*Supplied data*.
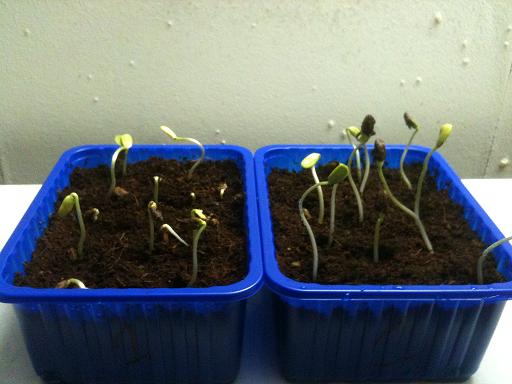 Eergisteren eens een foto genomen van de zaailingen. Had ze nog maar 2dagen gezaaid, dus heel snel komen ze boven piepen.
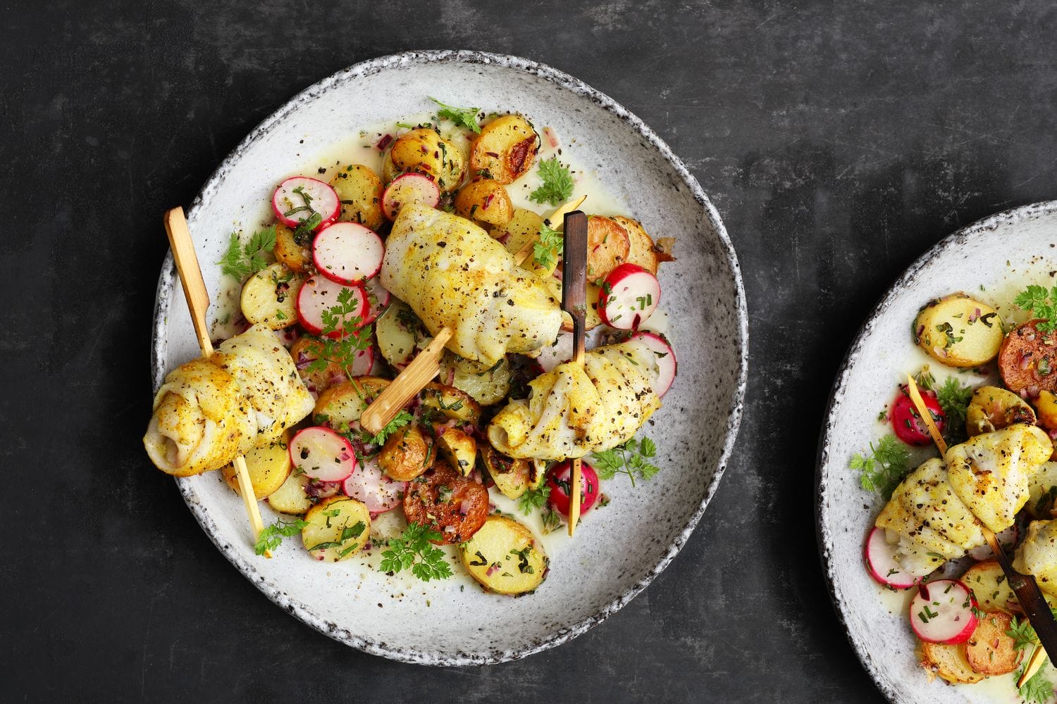 - Colocar los filetes uno al lado del otro y sazonar con curry, sal y pimienta. Coloque 2-3 filetes uno al lado del otro, enróllelos y ensártelos en una brocheta. Continúe hasta que tenga 4 rollos. Untar con aceite por ambos lados.
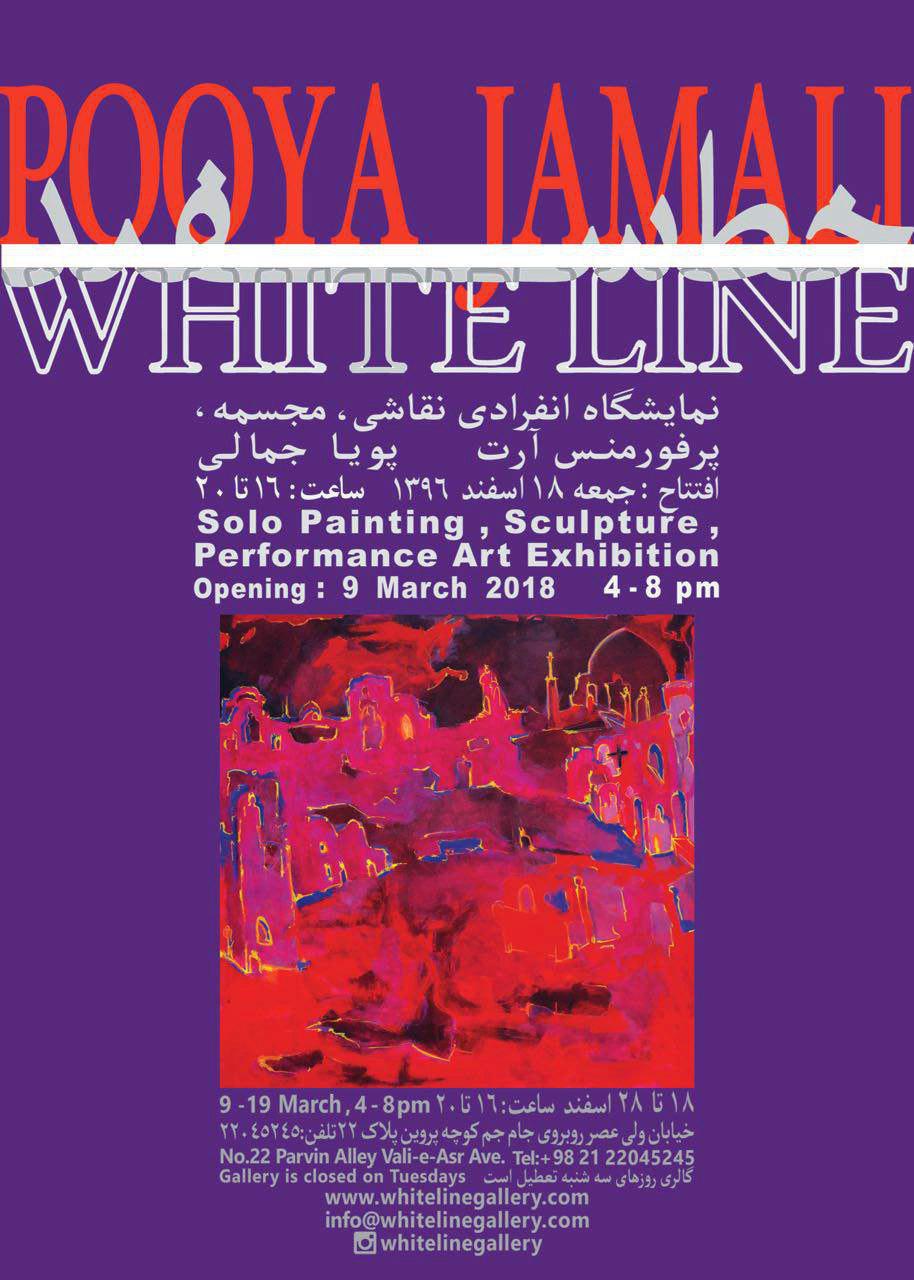 گالري خط سفيد از روز جمعه 18 اسفند ماه 96 ميزبان آثار هنرمند نقاش، عکاس، مجسمه ساز و فعال حيطه هنرهاي جديد، پويا جمالي شد. جمالي در اين نمايشگاه ضمن به نمايش گذاشتن آثار نقاشي و مجسمه خود، اقدام به اجراي يک پرفورمنس نيز نمود.
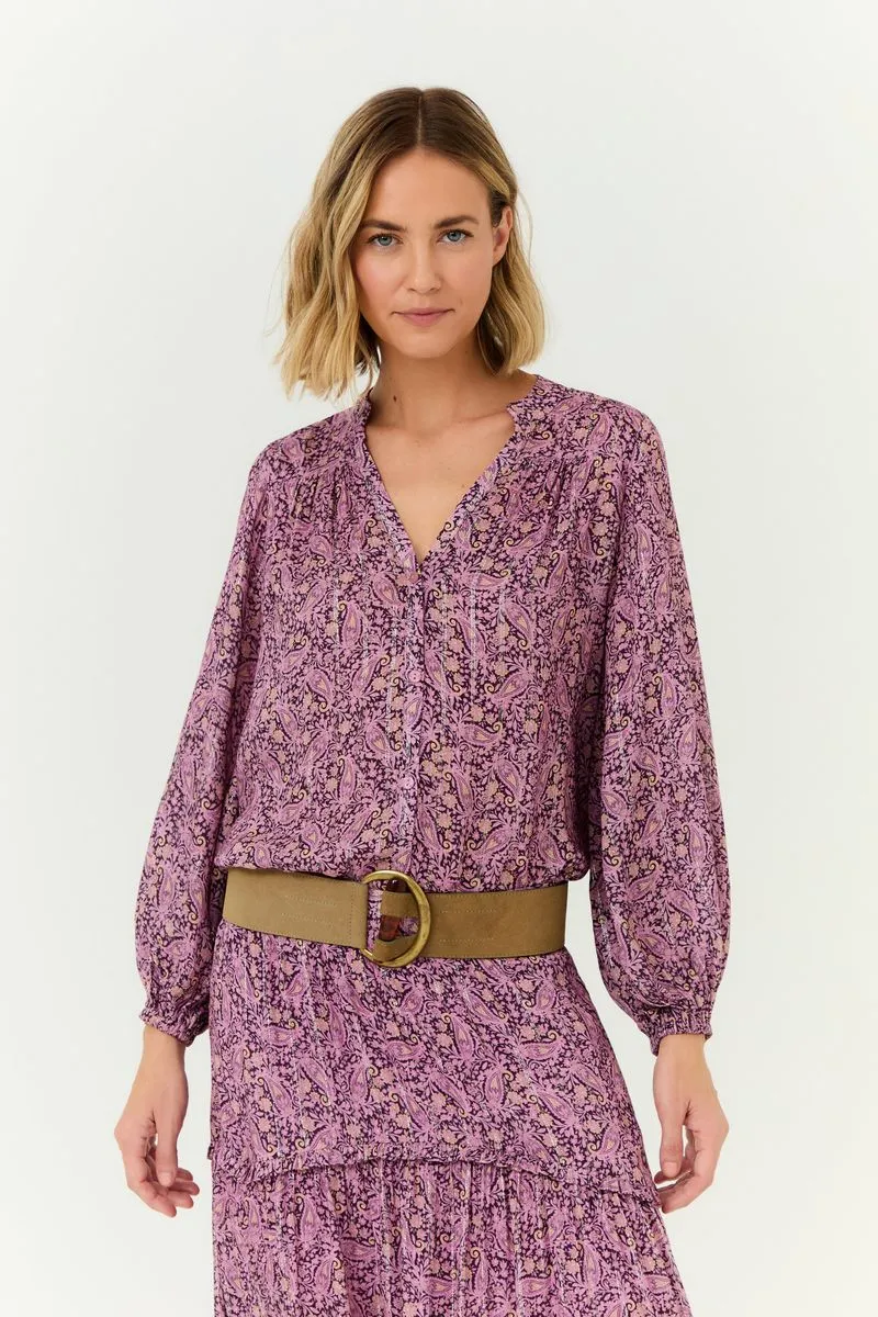 A Bata Estampa Aysha A traz uma interpretação leve e feminina da padronagem que inspira a coleção, combinando o visual delicado do desenho com o caimento fluido característico do GGT. A peça valoriza a silhueta com seu decote em V suave, pregas discretas que criam um movimento contínuo e mangas amplas que reforçam a sensação de leveza. É uma proposta versátil, que transita com facilidade entre produções casuais e arrumadas, mantendo sempre um toque de frescor.

*Task statement*.
Restate every line of the listing exactly. Pictures are not part of the copy.

*Answer for this exercise*.
 Eergisteren eens een foto genomen van de zaailingen. Had ze nog maar 2dagen gezaaid, dus heel snel komen ze boven piepen.
 - Colocar los filetes uno al lado del otro y sazonar con curry, sal y pimienta. Coloque 2-3 filetes uno al lado del otro, enróllelos y ensártelos en una brocheta. Continúe hasta que tenga 4 rollos. Untar con aceite por ambos lados.
 گالري خط سفيد از روز جمعه 18 اسفند ماه 96 ميزبان آثار هنرمند نقاش، عکاس، مجسمه ساز و فعال حيطه هنرهاي جديد، پويا جمالي شد. جمالي در اين نمايشگاه ضمن به نمايش گذاشتن آثار نقاشي و مجسمه خود، اقدام به اجراي يک پرفورمنس نيز نمود.
 A Bata Estampa Aysha A traz uma interpretação leve e feminina da padronagem que inspira a coleção, combinando o visual delicado do desenho com o caimento fluido característico do GGT. A peça valoriza a silhueta com seu decote em V suave, pregas discretas que criam um movimento contínuo e mangas amplas que reforçam a sensação de leveza. É uma proposta versátil, que transita com facilidade entre produções casuais e arrumadas, mantendo sempre um toque de frescor.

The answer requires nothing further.